The dinner table used to be the center of family life. Today, the average American family faces a collision of dual-career schedules, youth sports commitments, and digital distraction that has made home-cooked meals feel like a luxury rather than a norm. Supper Thyme USA was built as a direct answer to that problem. Founded in 2003 by two dual-career couples, Keri and Brett Willenborg and Cher and Jim Stenger, the concept emerged from personal frustration with the gap between wanting to feed families well and having the time to actually do it. The founding team created a structured, kitchen-based meal preparation experience that lets customers arrive, assemble 12 family-sized meals across 12 dedicated workstations with staff assistance, and walk out in approximately two hours with a full month's worth of dinners ready to cook at home. The process is engineered so that any single meal takes 10 minutes or less to prepare, lowering the barrier to healthy home cooking in a way that neither grocery delivery nor restaurant takeout can replicate. The company launched franchising the same year it was founded, in 2003, and currently operates with a total reported unit count of 4, with a corporate presence tied to 7102 S. 141st St., Omaha, Nebraska 68138. A related operation, SupperThymeOK, has served the Edmond, Oklahoma community for 15 years as a freezer meal service offering pre-prepared entrees, sides, crock-pot meals, and specialized dietary options including gluten-free, soy-free, dairy-free, and low-sodium items. The Supper Thyme USA franchise opportunity occupies a distinctive niche within the $97.85 billion U.S. limited-service restaurant market, targeting the underserved segment of consumers who want the health and cost benefits of home cooking without the time investment. This analysis is independent research, not marketing material, and it is intended to give prospective investors the clearest possible picture of what this franchise opportunity actually represents.
The limited-service restaurant industry is one of the most resilient and consistently expanding categories in the entire franchise universe, and the forces driving that growth are structural rather than cyclical. The U.S. market for limited-service restaurants is estimated at $97.85 billion in 2025, with a projected compound annual growth rate of 6.45% that would carry it to approximately $133.71 billion by 2030. Globally, the limited-service restaurant market was valued at $871.02 billion in 2025 and is forecast to reach approximately $1.436 trillion by 2034, representing a 5.7% annual growth rate that reflects accelerating demand across both developed and emerging markets. The quick-service restaurant sub-segment alone is projected to reach $330.56 billion in 2025, up from $311.54 billion the prior year, with a 7.2% CAGR expected to push it to $436.07 billion by 2029. Fast-casual, the segment most closely aligned with the Supper Thyme USA value proposition of quality, health-consciousness, and convenience, is anticipated to generate $84.5 billion in cumulative revenue between 2025 and 2029, growing at a remarkable CAGR of 13.7%. Consumer research underscores why this sector is expanding so aggressively: 95% of consumers rate speed as critical to the takeout experience, 65% of quick-service restaurant visitors report using mobile order-ahead apps, and delivery sales across the limited-service sector surged by over 20% in a single year.

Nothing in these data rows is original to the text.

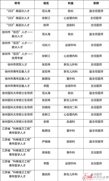 我院現(xiàn)有“333”人才3名,“雙百”人才2名,優(yōu)秀專家1名,領(lǐng)軍人才1名,青年后備人才3名,徐州醫(yī)科大學(xué)碩士生導(dǎo)師3名,2016年我院5名醫(yī)師成功評為江蘇省“科教強(qiáng)衛(wèi)工程”青年醫(yī)學(xué)人才。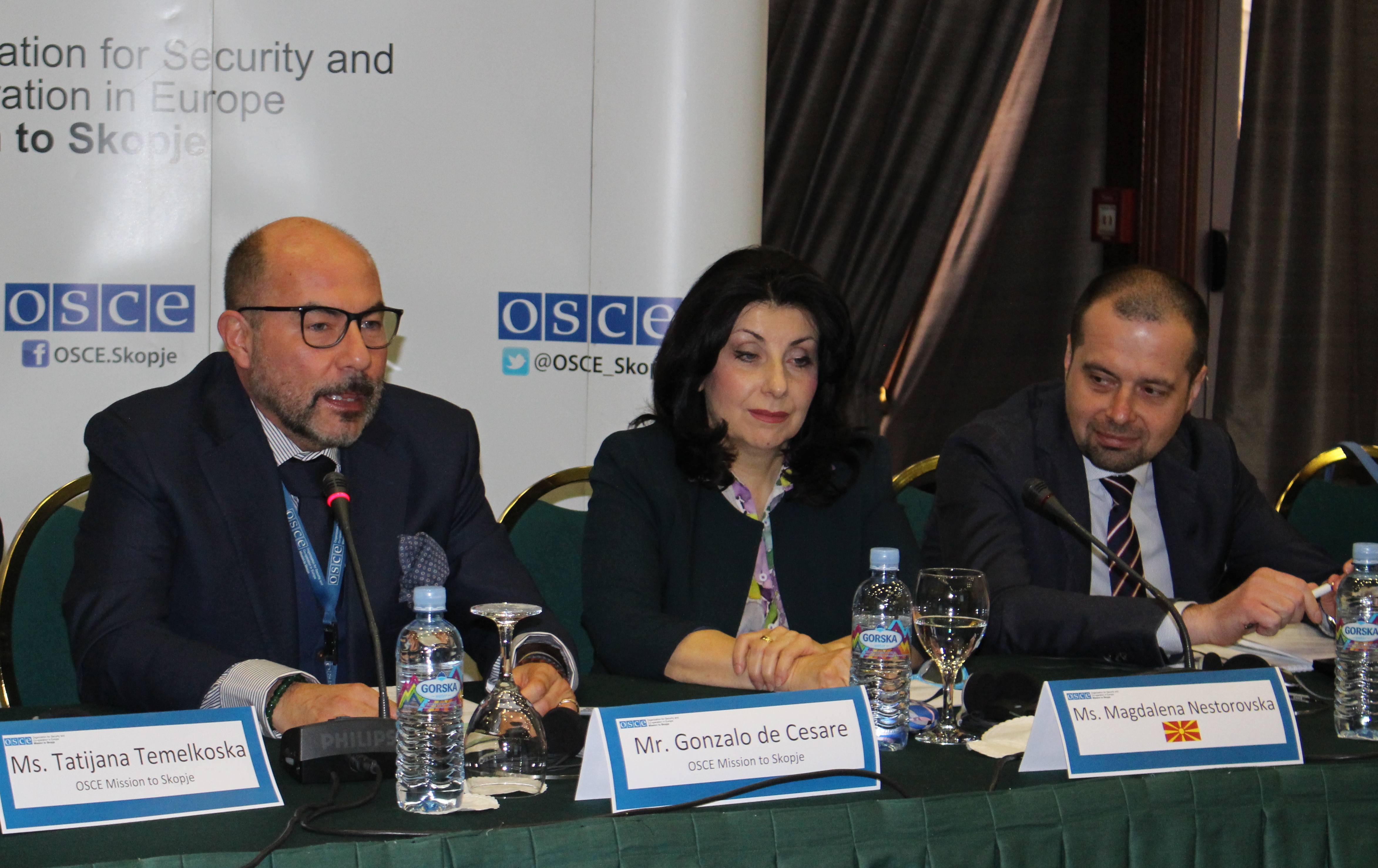Oleksandr Kyrylenko (r-l), Programme Officer at the OSCE Office of the Special Representative and Co-ordinator for Combating Trafficking in Human beings, Magdalena Nestorovska, National Anti-trafficking Co-ordinator and Interior Ministry State Secretary and Gonzalo de Cesare, Head of the Human Dimension Department at the OSCE Mission to Skopje, speaking at an OSCE-hosted workshop on countering trafficking in migrants, Skopje, 28 March 2018.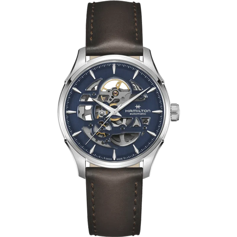 Il Jazzmaster Skeleton 36 mm, con il suo quadrante traforato blu, punta tutto sulla precisione e rivela al contempo la raffinata bellezza del movimento meccanico al suo interno. Mettendo in risalto il movimento automatico H-10, con una riserva di carica di 80 ore e spirale in Nivachron™, il Jazzmaster Skeleton vanta un sofisticato cinturino in pelle marrone, che incarna il savoir-faire in continua evoluzione di Hamilton e l’attenzione ai dettagli.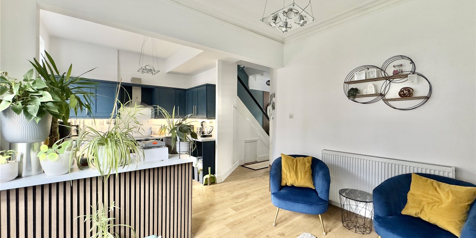 This stunning three-bedroom semi-detached character home perfectly blends timeless charm with a contemporary twist. Entering through the vestibule, you are greeted by geometric tiling and plenty of coat storage, creating a stylish and practical first impression. From the vestibule, a beautiful solid oak front door with stained glass detailing opens into the hallway, which features laminate flooring throughout and feature paneling just before the stairs, providing an ideal spot to hang a mirror and add a touch of personality.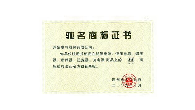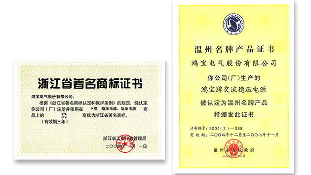 “鸿宝”牌稳压电源被温州市人民政府认定为“温州名牌”产品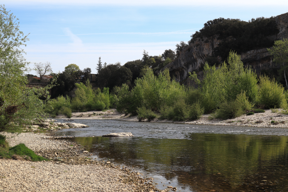 Parkplatzsuche erfolgreich und mit Glück abgeschlossen. Dann die Rucksäcke aufgeschnallt und los kann die Wanderung gehen. Im Ort Cassagnols ist auf jeden Fall Kanu-Tourismus angesagt. Das ist aber heute nicht unser Plan. Mit Ms Eltern zusammen laufen wir am Fluss entlang.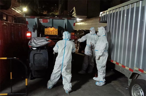 這是袁燕第二次參加管控區域衛生保障工作。這次管控區域範圍廣、保潔面積大,居民的生活垃圾相比往常大量增加,居家隔離的第二天,垃圾量激增。袁燕和隊友留在了臨時管控區域負責住戶的生活垃圾清運和地面清掃、消毒,每天清晨6點開始工作,將收集的垃圾裝桶、轉運並統一處理,確保日產日清,保持環境乾淨衛生。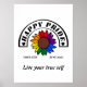 Poster com uma bela ilustração de girassol em cores arco-íris. O texto da tipografia diz "Orgulho Feliz" e "Viva seu verdadeiro eu". Você também pode escrever sua cidade e data. Você pode personalizar imagem e texto. Personalize seu item e faça dele um de um tipo! Visite nossa loja para mais designs.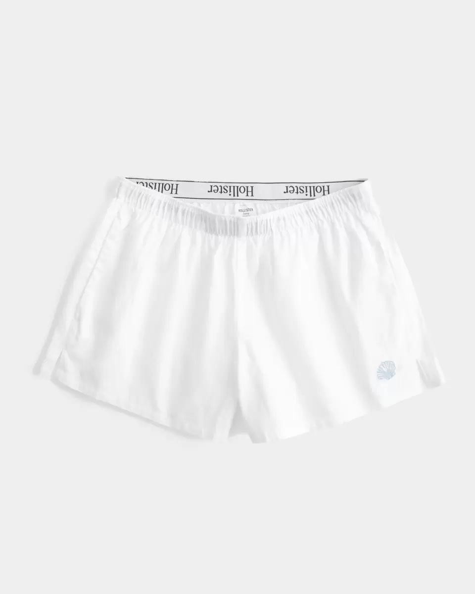 Cute and comfy boxer shorts designed with soft banded waist with inner logo details. Soft Oxford fabric, adjustable-rise waist, pockets, embroidered shell detail.
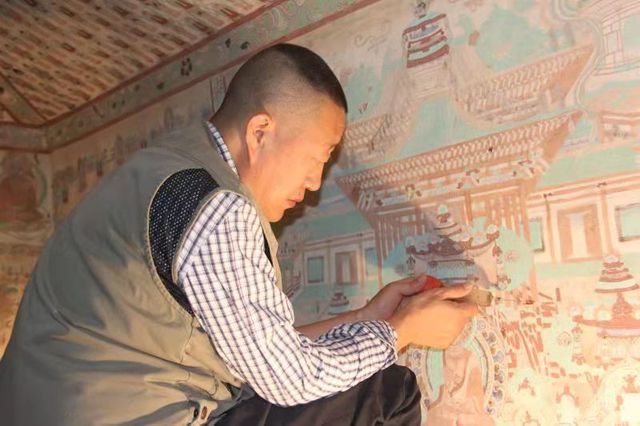 1990年,李云鶴的兒子李波同樣成為了敦煌研究院的文物修復(fù)師。對于生于敦煌、長于敦煌的李波而言,回到敦煌修壁畫是一件再自然不過的事情,“家里有一位修壁畫的父親,這對我的影響是極大的。而且這里是我的故鄉(xiāng),我對敦煌對莫高窟,有感情也有責(zé)任。”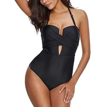 Show moreExperience elegance and confidence in the Belgius Women Halter Push Up High Waist Monokinis One Piece Swimsuit. Crafted for the modern woman who demands both style and support, this bathing suit features a removable and adjustable halter strap, ensuring a perfect fit tailored to your personal preference. The wireless built-in bras offer fantastic support and shaping for a flattering silhouette, allowing you to feel beautiful and comfortable while soaking up the sun. With unique front twist and deep plunge detailing, this swimsuit combines chic design with a flirty flair, making it a head-turner on the beach or by the pool.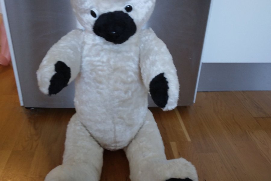 Halm nalle vit 50 talet 70 cm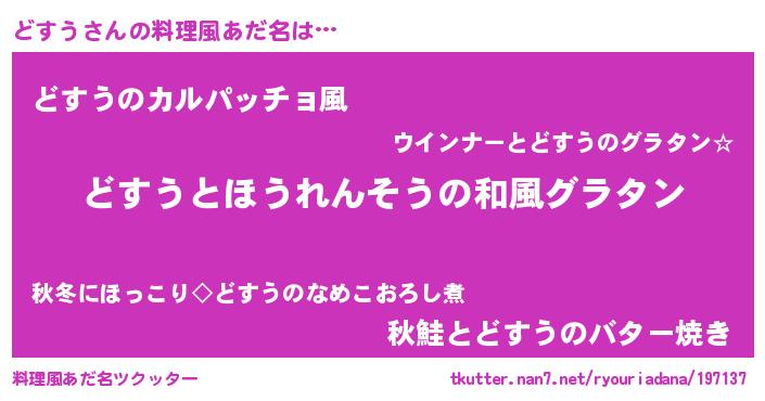 | ヘコむあだ名 | 『どすう(遠い目)』『つくし』 |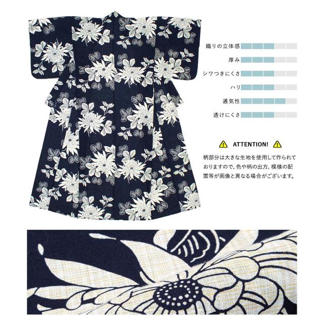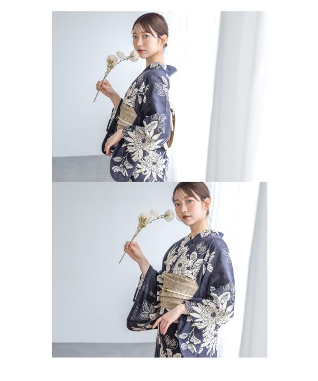 浴衣 紺にベージュ系・菊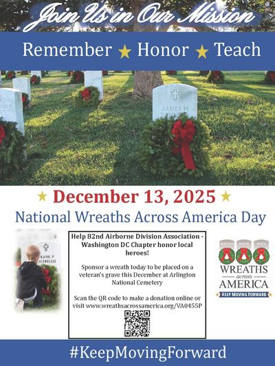Join the 82nd Airborne Division Association – Washington DC Chapter in supporting National Wreaths Across America Day, taking place Saturday, December 13, 2025, at Arlington National Cemetery.

Among younger consumers, the adoption rate is even more pronounced, with nearly 90% of adults aged 18 to 24 utilizing mobile ordering platforms. Notably, spending at limited-service restaurants increased by over 300% between 1997 and 2022, climbing from $112 billion to $468 billion, and the segment maintained the largest share of food-away-from-home expenditures through 2024, peaking at 37.6% in 2020. The Supper Thyme USA model taps into two converging macro trends simultaneously: the demand for convenience and the consumer shift toward healthier, more controllable eating habits that is reshaping food service across every demographic group.
The Supper Thyme USA franchise cost represents a mid-tier entry point within the broader limited-service restaurant franchise universe. The total initial investment ranges from $109,700 on the low end to $235,850 at the high end, a spread that reflects differences in geography, local build-out costs, equipment configurations, and real estate variables depending on market. Web research sources also reference an investment range of $130,900 to $238,500, which aligns closely with this band and collectively suggests that a well-prepared franchisee should budget realistically in the $110,000 to $240,000 range before opening. Liquid capital requirements cited in available sources range from $60,000 at the lower threshold to as much as $124,000 to $224,000 in another set of disclosures, and prospective franchisees should clarify this discrepancy directly with the franchisor during the discovery process. A net worth requirement of $200,000 is stated by the franchisor, placing this opportunity within reach of a broader pool of investors compared to premium franchise brands that require $500,000 or more in personal net worth. The franchise offers a 10% discount on the franchise fee specifically for military veterans, signaling a commitment to veteran entrepreneurship that is increasingly common across the franchise industry as franchisors compete for qualified, mission-driven operators. Financing options are referenced in franchisor materials, though prospective investors should seek direct confirmation on current availability and structure, as sources show some conflict on this point. For context, the typical initial franchise fee across the broader franchise industry falls in the $10,000 to $50,000 range, and industry-standard ongoing royalties generally run between 4% and 9% of gross sales, while advertising fund contributions across the sector typically range from 1% to 4.5% of gross revenues. The Supper Thyme USA investment profile, with its sub-$240,000 ceiling, positions it as one of the more accessible restaurant franchise opportunities in dollar terms, particularly compared to national quick-service brands that frequently require total investments exceeding $500,000 to over $1 million before the doors open.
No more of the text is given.